BEGIN AVAILABLE DATA
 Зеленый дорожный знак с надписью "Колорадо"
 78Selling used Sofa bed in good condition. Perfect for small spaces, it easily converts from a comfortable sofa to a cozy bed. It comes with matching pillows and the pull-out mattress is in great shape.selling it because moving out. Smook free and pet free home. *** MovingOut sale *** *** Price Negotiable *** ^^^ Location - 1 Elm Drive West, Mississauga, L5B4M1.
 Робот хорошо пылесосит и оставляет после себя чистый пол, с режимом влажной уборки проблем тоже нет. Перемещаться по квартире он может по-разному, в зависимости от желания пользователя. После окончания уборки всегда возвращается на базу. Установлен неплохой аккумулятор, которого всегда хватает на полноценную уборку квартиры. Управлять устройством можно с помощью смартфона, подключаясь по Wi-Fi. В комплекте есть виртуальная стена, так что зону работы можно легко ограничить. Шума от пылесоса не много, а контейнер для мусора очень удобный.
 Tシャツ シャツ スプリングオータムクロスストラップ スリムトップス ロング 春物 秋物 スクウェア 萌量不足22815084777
END AVAILABLE DATA
BEGIN AVAILABLE DATA
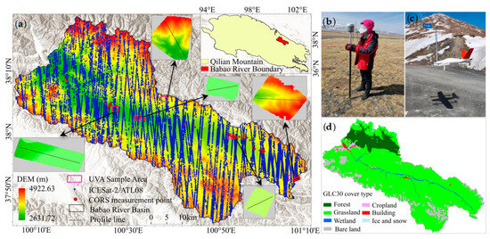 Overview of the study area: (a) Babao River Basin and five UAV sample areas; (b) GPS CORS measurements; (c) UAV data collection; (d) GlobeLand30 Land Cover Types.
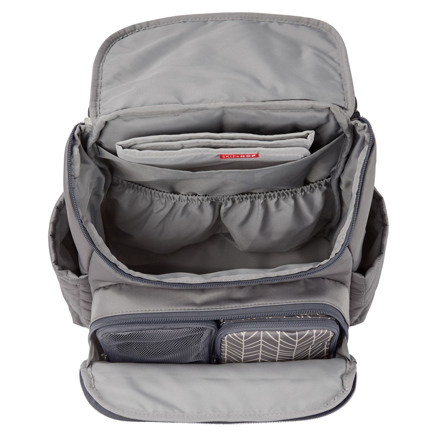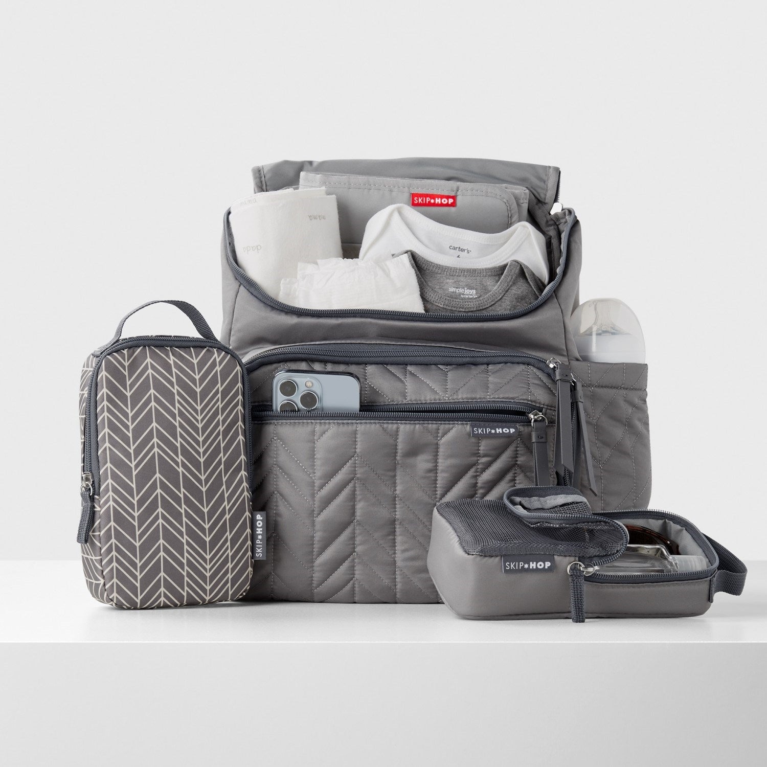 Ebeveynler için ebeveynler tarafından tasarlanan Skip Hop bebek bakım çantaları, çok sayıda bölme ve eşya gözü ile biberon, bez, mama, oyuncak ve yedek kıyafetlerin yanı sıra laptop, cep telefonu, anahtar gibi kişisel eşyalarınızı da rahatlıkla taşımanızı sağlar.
END AVAILABLE DATA
BEGIN AVAILABLE DATA
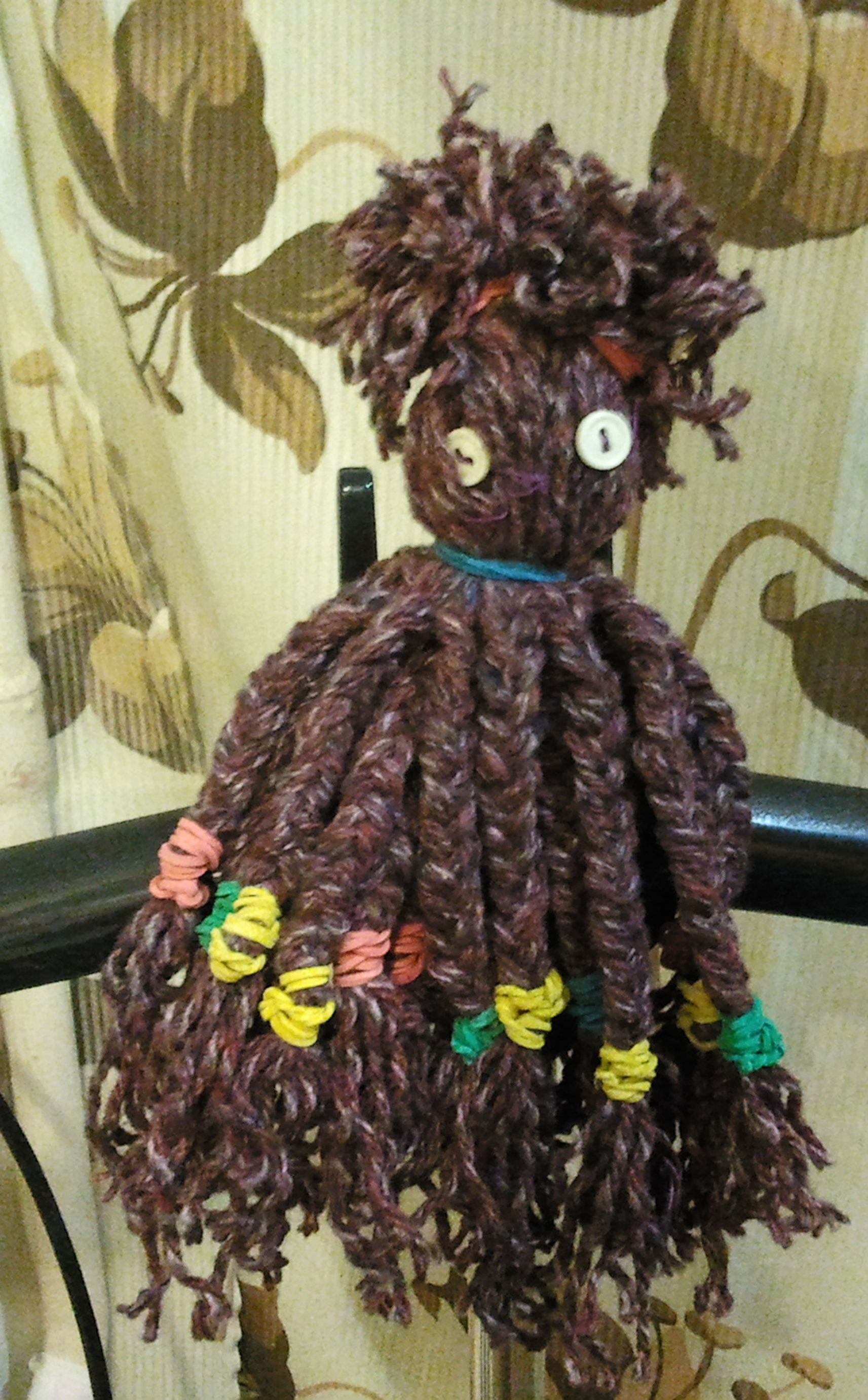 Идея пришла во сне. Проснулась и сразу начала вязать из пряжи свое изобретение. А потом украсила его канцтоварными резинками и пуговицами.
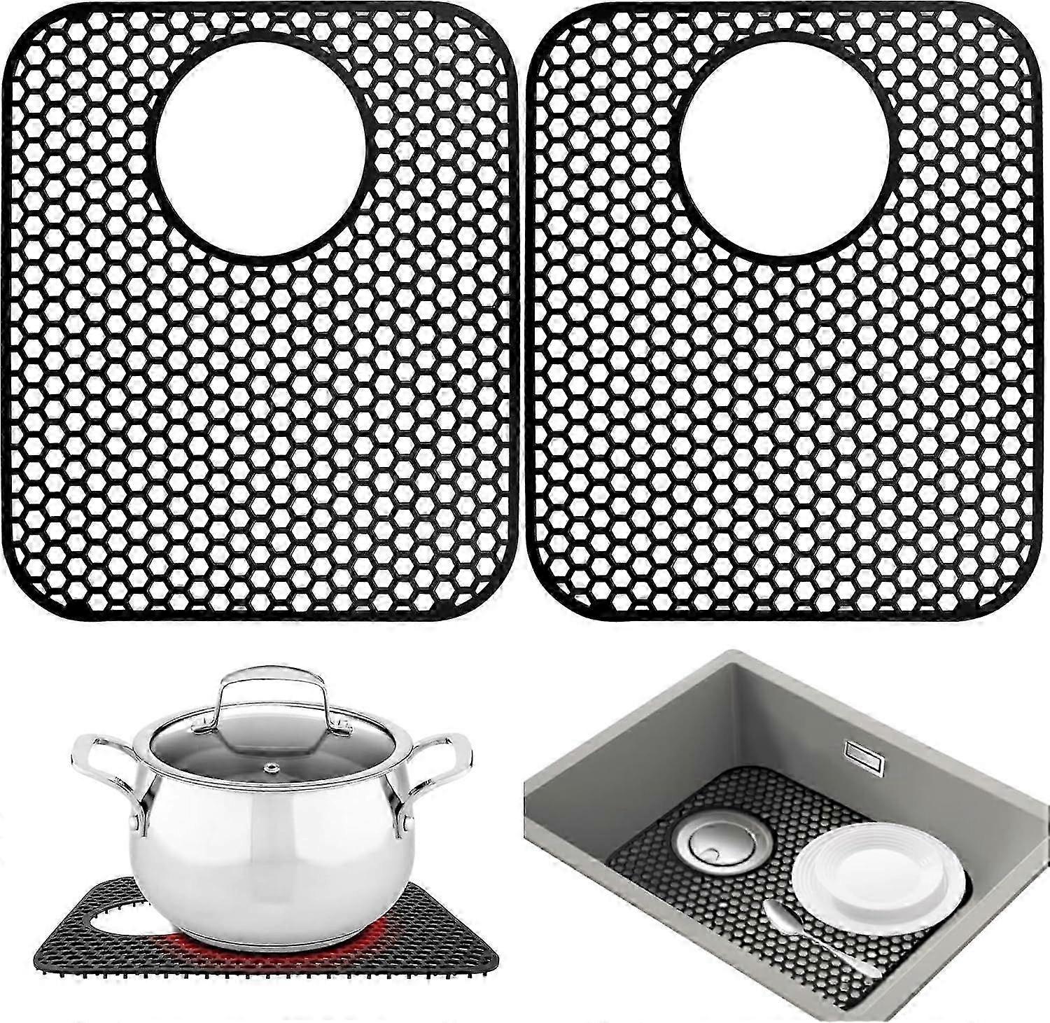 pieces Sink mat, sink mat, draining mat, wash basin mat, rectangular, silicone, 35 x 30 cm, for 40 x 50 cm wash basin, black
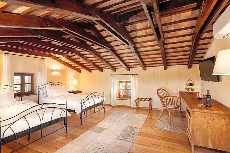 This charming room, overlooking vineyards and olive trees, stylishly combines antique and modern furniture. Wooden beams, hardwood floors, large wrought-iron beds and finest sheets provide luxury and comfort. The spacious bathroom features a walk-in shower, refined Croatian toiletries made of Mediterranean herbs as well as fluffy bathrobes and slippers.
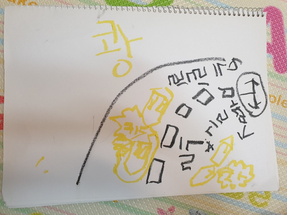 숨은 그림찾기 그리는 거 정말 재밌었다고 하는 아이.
END AVAILABLE DATA
Take the material above from the line bearing "Идея пришла во" through the line bearing "pieces Sink mat, sink" and write it out exactly, both end lines included. Pictures stay out.

 Идея пришла во сне. Проснулась и сразу начала вязать из пряжи свое изобретение. А потом украсила его канцтоварными резинками и пуговицами.
 pieces Sink mat, sink mat, draining mat, wash basin mat, rectangular, silicone, 35 x 30 cm, for 40 x 50 cm wash basin, black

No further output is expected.